As famílias dos mortos nos atos de violência na Bolívia vão receber o equivalente a 7.238 dólares (6.518 euros), que é quase 25 vezes o salário mínimo, segundo um decreto promulgado hoje, que também garante apoio aos feridos. mortais vão receber indemnização de mais de 7.000 dólares

Bolívia.
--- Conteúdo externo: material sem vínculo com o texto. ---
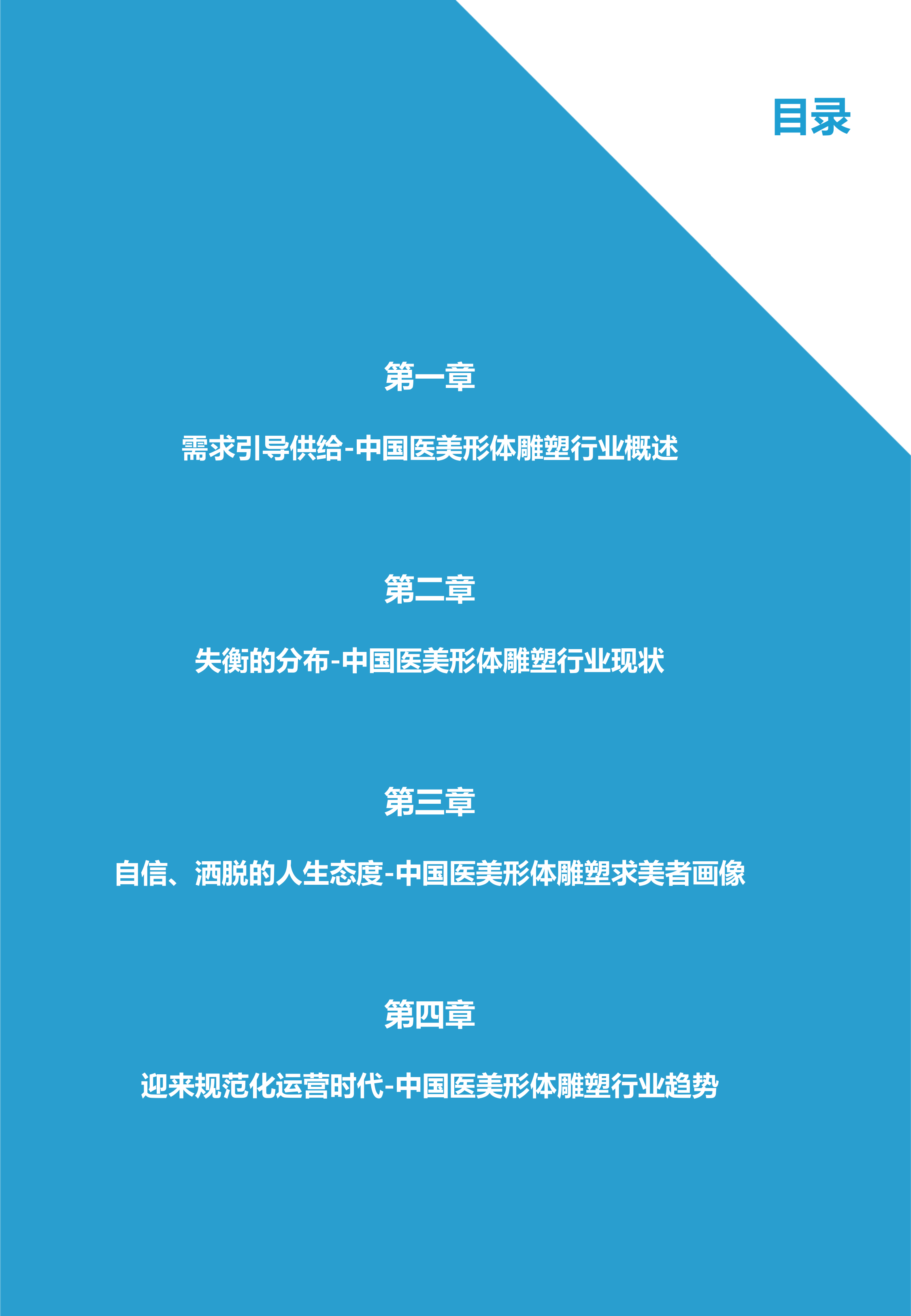 本报告共分为四章,分别从行业概述、现状分析、消费者画像和未来趋势四个方面对中国医美形体雕塑行业进行了深入研究。

Familiares das vítimas de atos de violência recebem indemnização
Notícias ao Minuto

00:26 - 06/12/19 por Lusa

Mundo Bolívia

"O nosso governo promulgou o decreto supremo que autoriza a concessão de assistência humanitária e indemnização às famílias dos mortos na violência", disse a presidente interina Jeanine Áñez, numa cerimónia realizada em La Paz.
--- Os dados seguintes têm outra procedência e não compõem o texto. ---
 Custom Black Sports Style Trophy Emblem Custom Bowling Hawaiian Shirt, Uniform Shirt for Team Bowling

O valor de 7.238 dólares para as famílias dos mortos é equivalente a quase 25 salários mínimos na Bolívia.

Embora não exista um número exato de mortos e de feridos, entidades como a Defensoria do Povo da Bolívia avançam que morreram 35 pessoas e 832 sofreram ferimentos nos atos de violência que começaram após as eleições de 20 de outubro e duraram até 24 de novembro.

O decreto também prevê "assistência médica, alimentar, social e psicológica" para as pessoas afetadas, disse o ministro interino da Justiça, Álvaro Coimbra, no seu discurso.
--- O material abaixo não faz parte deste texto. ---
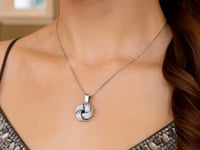 Positively charming, this pendant showcases a love knot style with intricate groove texture finish. Designed in sterling silver with rhodium plating.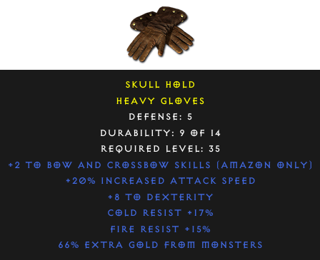 Required Level: 35Defense: 5+2 to Bow and Crossbow Skills (Amazon only)+20% Increased Attack Speed+8 to DexterityCold Resist +17%Fire Resist +15%66% Extra Gold from Monsters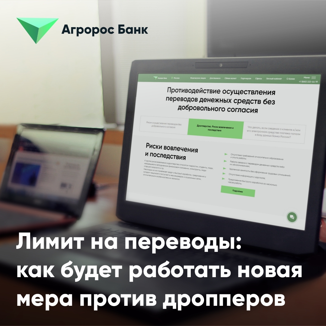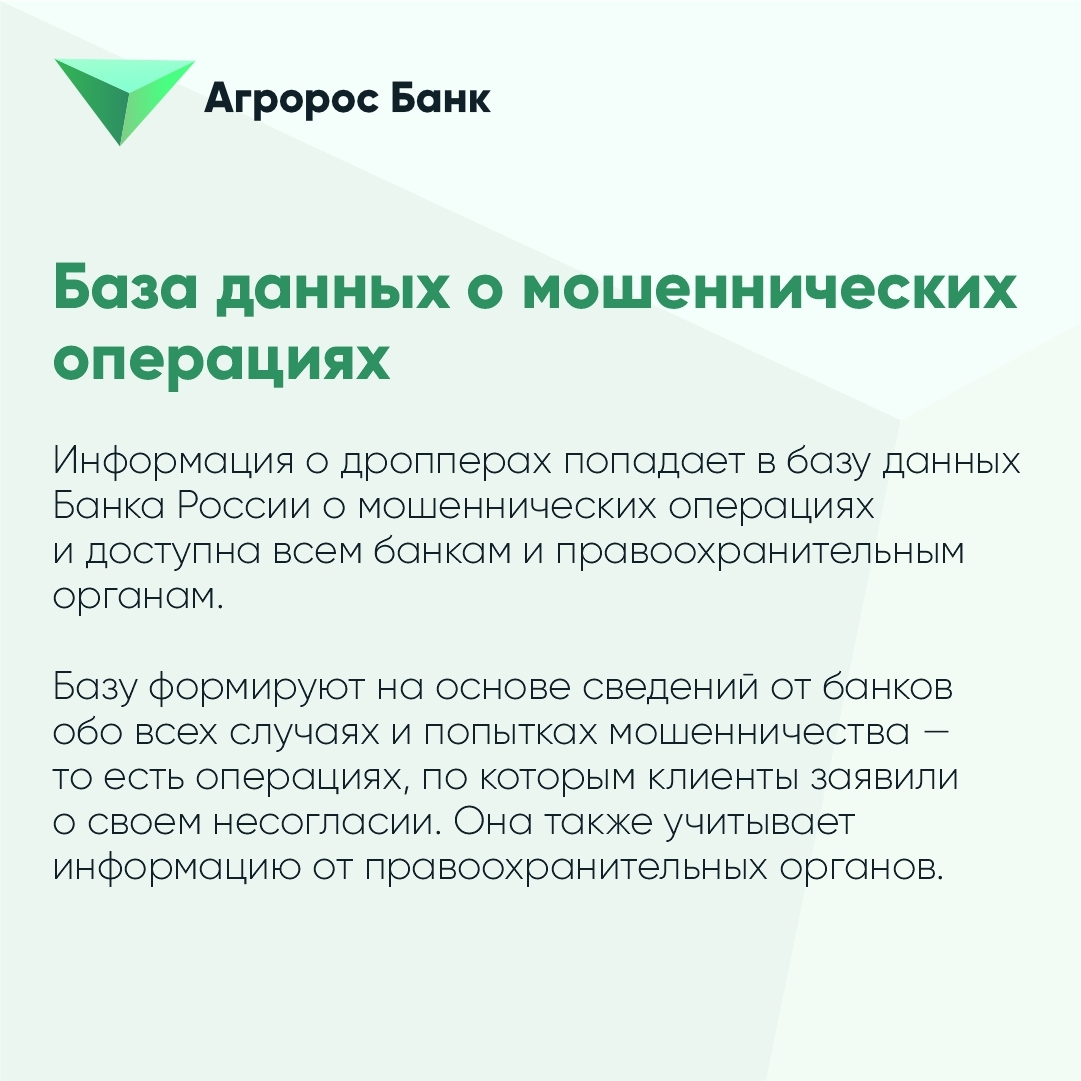 Роль дропперов в мошеннической схеме уголовно наказуема, дополнительно кредитные организации могут ограничивать дропперам доступ к счетам и картам, в том числе с использование дистанционного банковского обслуживания. Также с лиц, незаконно завладевших денежными средствами, в судебном порядке может быть взыскана вся сумма похищенных у потерпевших денег.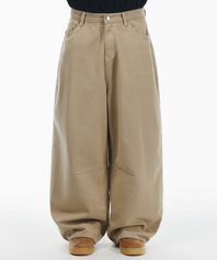 와이드 커브드 다트 코튼 팬츠[베이지]

Sobre a compensação económica, foi explicado que será efetuada num pagamento "global e único", proveniente de recursos do Tesouro Geral do Estado e de processos como a apreensão de bens para o tráfico de drogas.

No poder desde 2006, Evo Morales, o primeiro Presidente indígena da Bolívia, foi declarado vencedor para um quarto mandato consecutivo nas eleições de 20 de outubro, escrutínio marcado por denúncias de fraude por parte da oposição boliviana.

Morales acabaria por renunciar ao cargo em 10 de novembro, após três semanas de protestos contra a sua reeleição liderados pela oposição e depois de ter perdido o apoio do exército e da polícia.

O ex-Presidente boliviano, que denunciou que a proclamação da senadora Jeanine Añez como Presidente interina foi um "golpe de Estado", seguiria depois para o México, onde permanece exilado.